Portfolio, the Penguin business-book imprint that will publish the title, is also the publisher of a best-selling Enron account, The Smartest Guys in the Room, by Bethany McLean and Peter Elkind, and an account of Fiorina's tenure at HP, Perfect Enough, by Fast Company writer George Anders.


  Despite what is described as a detailed proposal, the book remains very much a work in progress, according to all involved. HP watchers have to wait to see if Fiorina dishes the dirt on her old adversary, board member Walter Hewlett, or just how openly she discusses her ouster at the $80 billion tech conglomerate.

Another possible topic: In May, during a graduation speech at North Carolina Agricultural & Technical State University, Fiorina frankly discussed the issue of gender discrimination in the workplace (see BW Online, 5/9/05, "Carly Breaks Her Silence"). As a young AT&T (T ) saleswoman in the 1970s, she said, she was labeled a "token bimbo," and while at HP, she was similarly mocked by a rival CEO.

So will the account be juicy? "We're not commenting other than to say that this will be her side of the story," says Penguin spokesman Will Weisser. "She has been very quiet to the press since she left HP -- she didn't go to television or the papers. So this will be her opportunity to give her account of what happened." Weisser also says he expects Fiorina to discuss her plans for the future.

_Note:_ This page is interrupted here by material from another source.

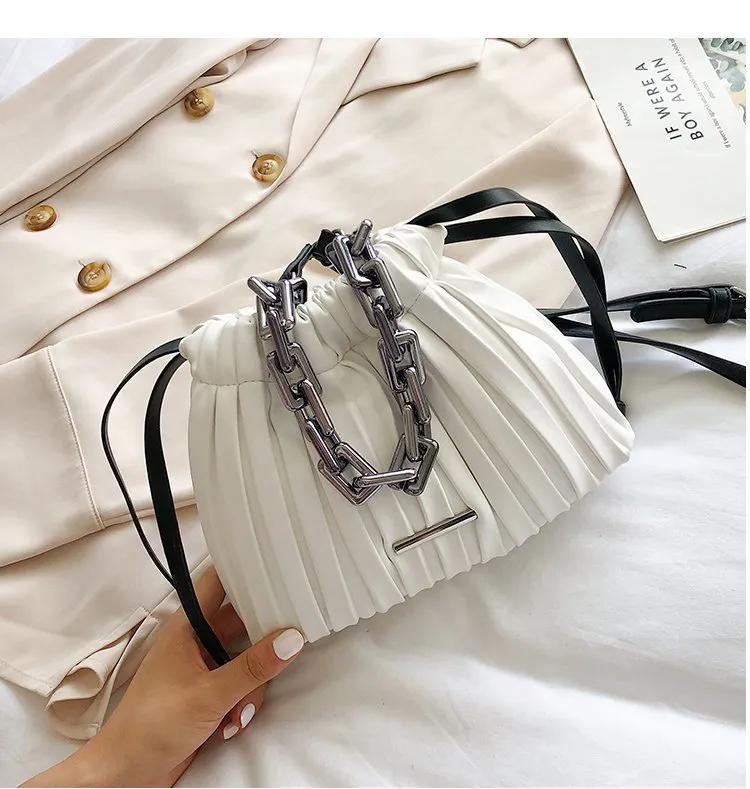 Elevate your style with our Designer Drawstring Bucket Bag with Thick Chain, a chic and versatile accessory that combines fashion with functionality. This trendy bucket bag features a drawstring closure for easy access and security, along with a bold, thick chain strap that adds a touch of sophistication to any outfit. Perfect for everyday use or special occasions, this crossbody bag offers ample space for essentials while making a stylish statement. Ideal for fashion-forward women, this bag is a must-have addition to any handbag collection.
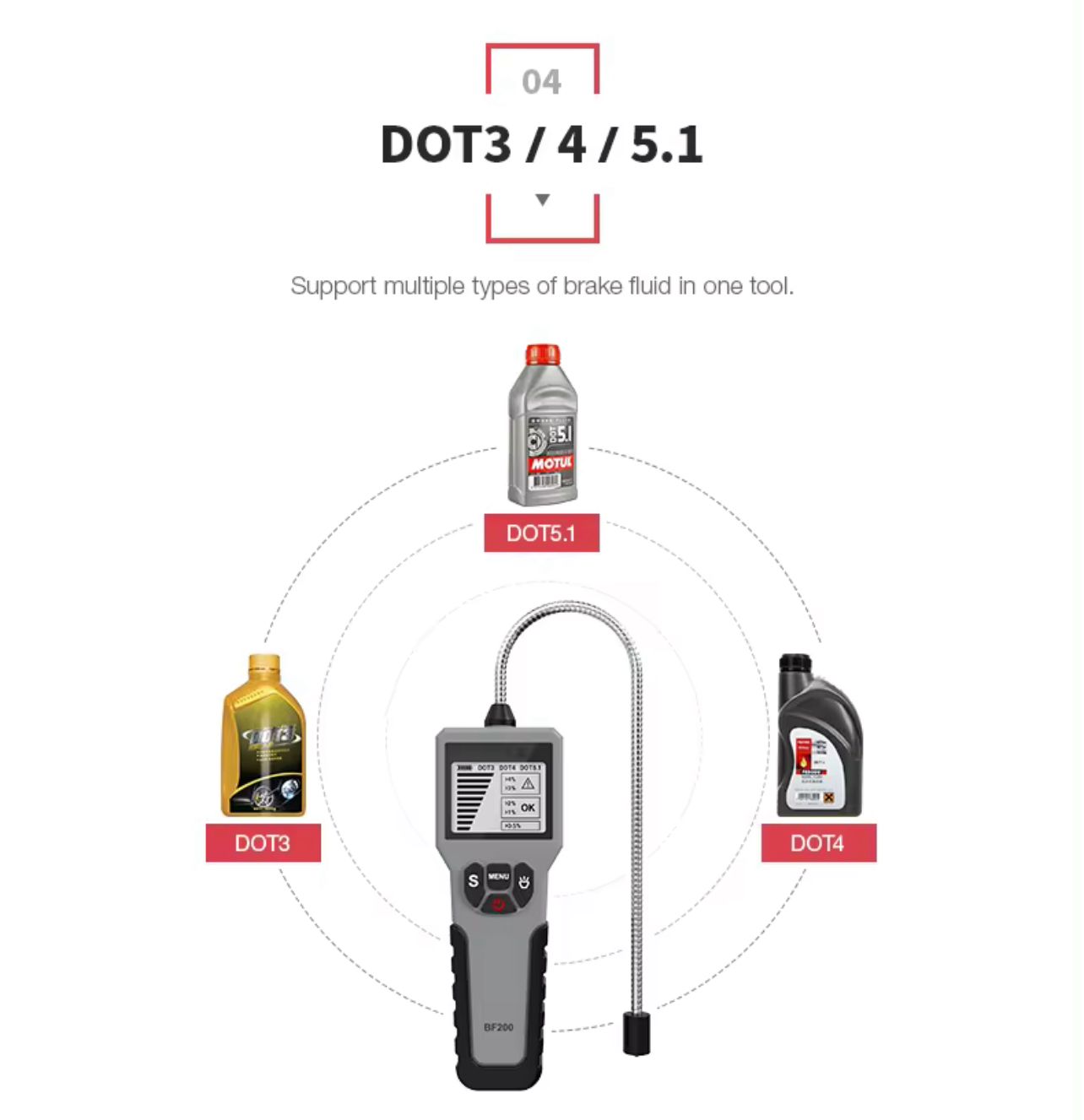 Garantiza el buen estado de tu sistema de frenos con el KINGBOLEN BF200, un dispositivo avanzado que ofrece lecturas rápidas y precisas. Su pantalla LED de alta resolución proporciona resultados claros en segundos, ayudándote a mantener la seguridad en cada trayecto.

  The sales potential of the book is also very much a mystery. "There could be a Martha/Hillary element, but we don't know if Carly has any such popular allegiance," comments an editorial director of a rival publishing house. "We'll have to see how deep the women's audience is for a business book."

Carly may have the last word, but the ultimate question may be: Will anyone be listening?